I used to use NAP Spitfires. I killed 2 elk with them and a couple of hogs. I was shooting a 70 lb Mathews with 350 grain arrows and a 30 inch draw. I got complete pass thru's with them. They worked flawless for me. I don't use them anymore, went back to a more traditional style broad head (Magnus Buzz Cutts). They fly really true and most of all... I like the looks of them. Oh... they kill good also.


----------



## cdbright (Aug 24, 2016)

bow_dude said:


> I used to use NAP Spitfires. I killed 2 elk with them and a couple of hogs. I was shooting a 70 lb Mathews with 350 grain arrows and a 30 inch draw. I got complete pass thru's with them. They worked flawless for me. I don't use them anymore, went back to a more traditional style broad head (Magnus Buzz Cutts). They fly really true and most of all... I like the looks of them. Oh... they kill good also.


i am running a HOYT at 60 lbs and was going to turn up to 70 but the guys at Wilde Arrow said i would not gain enough speed to notice a difference.

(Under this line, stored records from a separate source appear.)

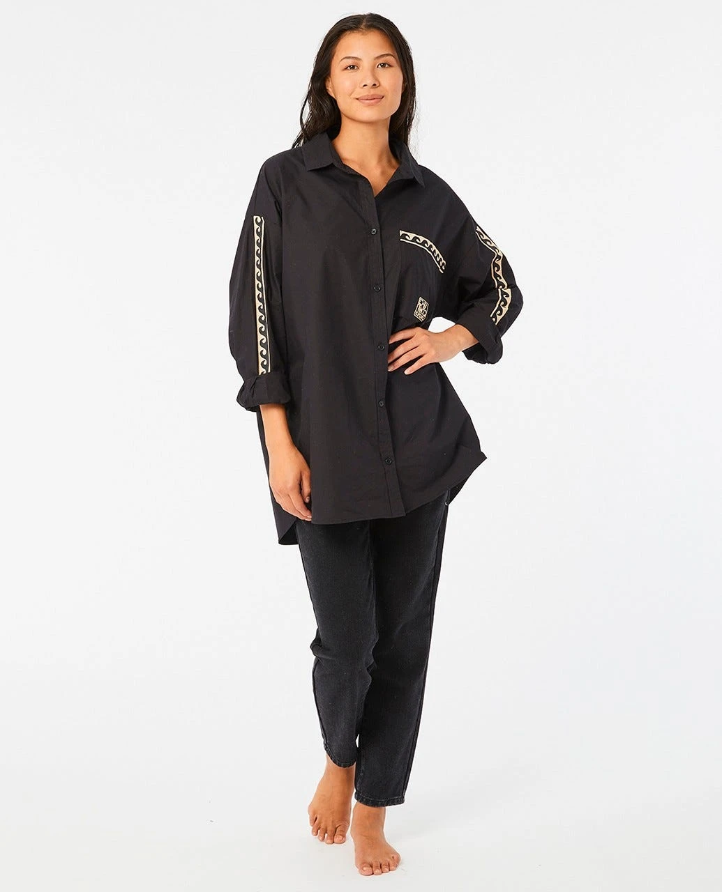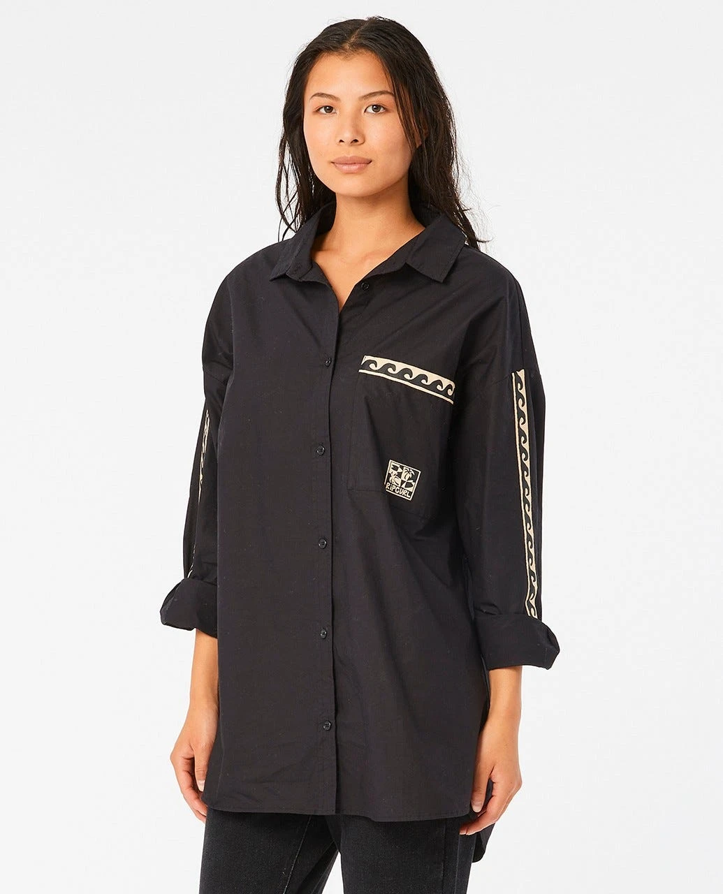 A fresh take on 90s streetwear, the New Wave Shirt is a rad women’s button through top. Featuring a front pocket with woven taping and badge details that give a pop of colour. Designed in a relaxed fit for ultimate comfort and a flowy, mellow vibe.
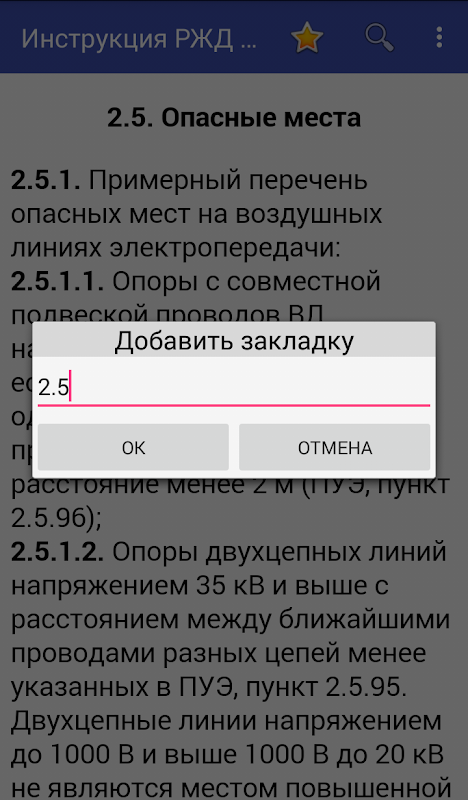 * Теперь для добавления закладки нужно выделить текст, нажать на "звёздочку", название закладки вставится автоматически, остаётся только нажать на "+" для её сохранения. Также можно скопировать выделенный текст и вставить его в поле "название" закладки или набрать его вручную.
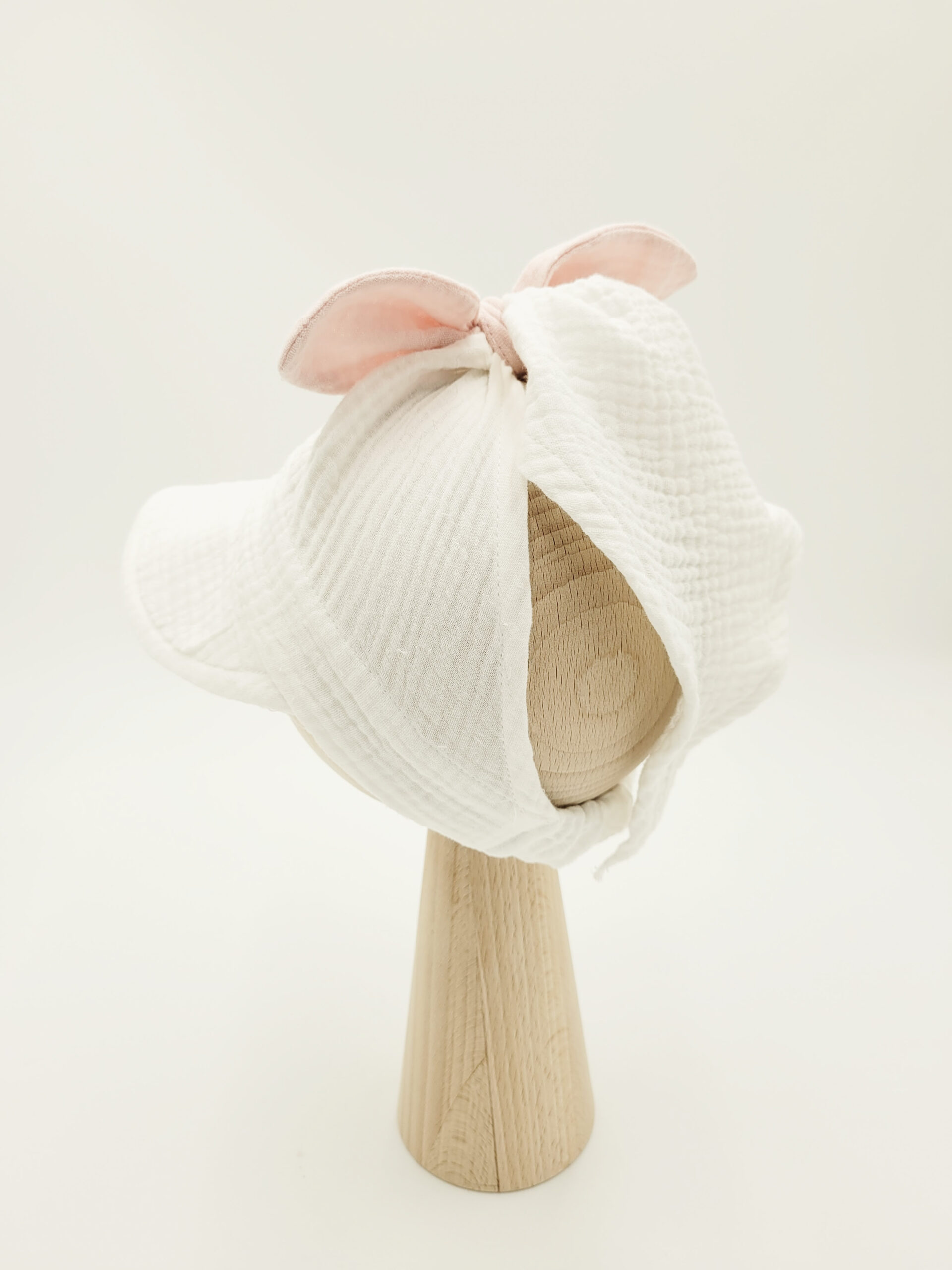 Chustka z daszkiem dla dziewczynki uszyta z wysokiej jakości muślinu bawełnianego lnianego w kolorze ecru. Wysokość chustki można regulować za pomocą kokardki. Rozmiary dla dzieci i niemowląt.
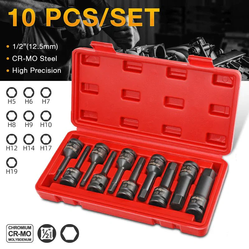 Try these 1/2” Pneumatic Wrench Hexagonal Drive Bits that install/remove hexagonal screws in seconds! Save you more time and effort!
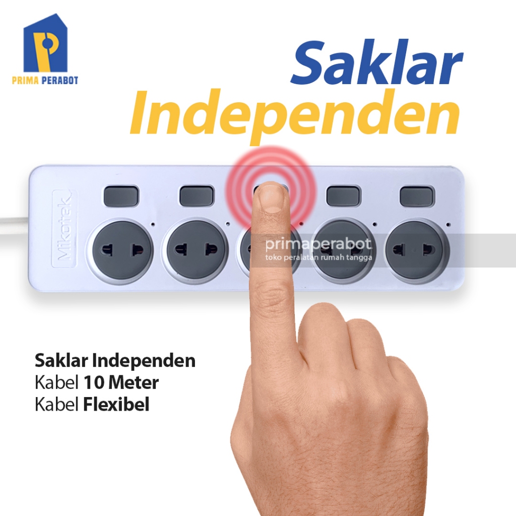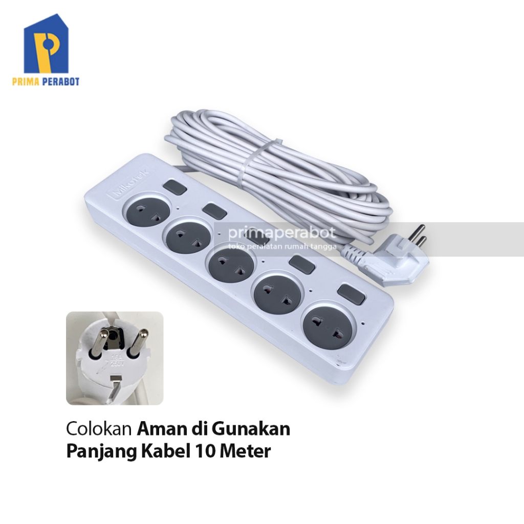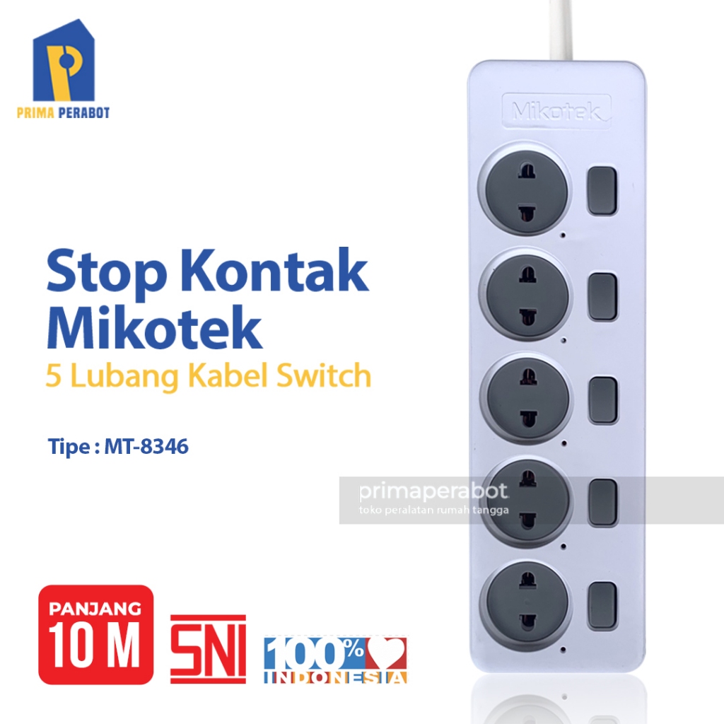 Stop Kontak Switch Terminal Listrik 5 Lubang 10 Meter Mikotek MT-8346-5
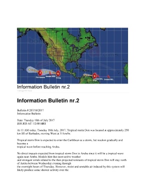 No direct impacts expected from tropical storm Don to Aruba since it will be a tropical wave

Draw is only 30 as well but it is at the stops so i cant go more. Heard a lot about how good they shoot com,pared to their practice tips that are same just dont open.


----------



## bow_dude (Aug 20, 2009)

CD... Use them with confidence. I have both 100 grain and 125 grain... haven't hunted with any of them for at least 10 years. They cut big holes. Never had one not shoot a pass thru. Even at 60 lbs pull, you should be plenty good. The last elk I shot with one was a cow with a total pass thru, it buried to the end of the Ferrell in a quakie (2 inches).


----------



## cdbright (Aug 24, 2016)

bow_dude said:


> CD... Use them with confidence. I have both 100 grain and 125 grain... haven't hunted with any of them for at least 10 years. They cut big holes. Never had one not shoot a pass thru. Even at 60 lbs pull, you should be plenty good. The last elk I shot with one was a cow with a total pass thru, it buried to the end of the Ferrell in a quakie (2 inches).


THANK YOU SIR!!! , i will let you know what i stick em in , hopefully a deer and elk this year :mrgreen::mrgreen:


----------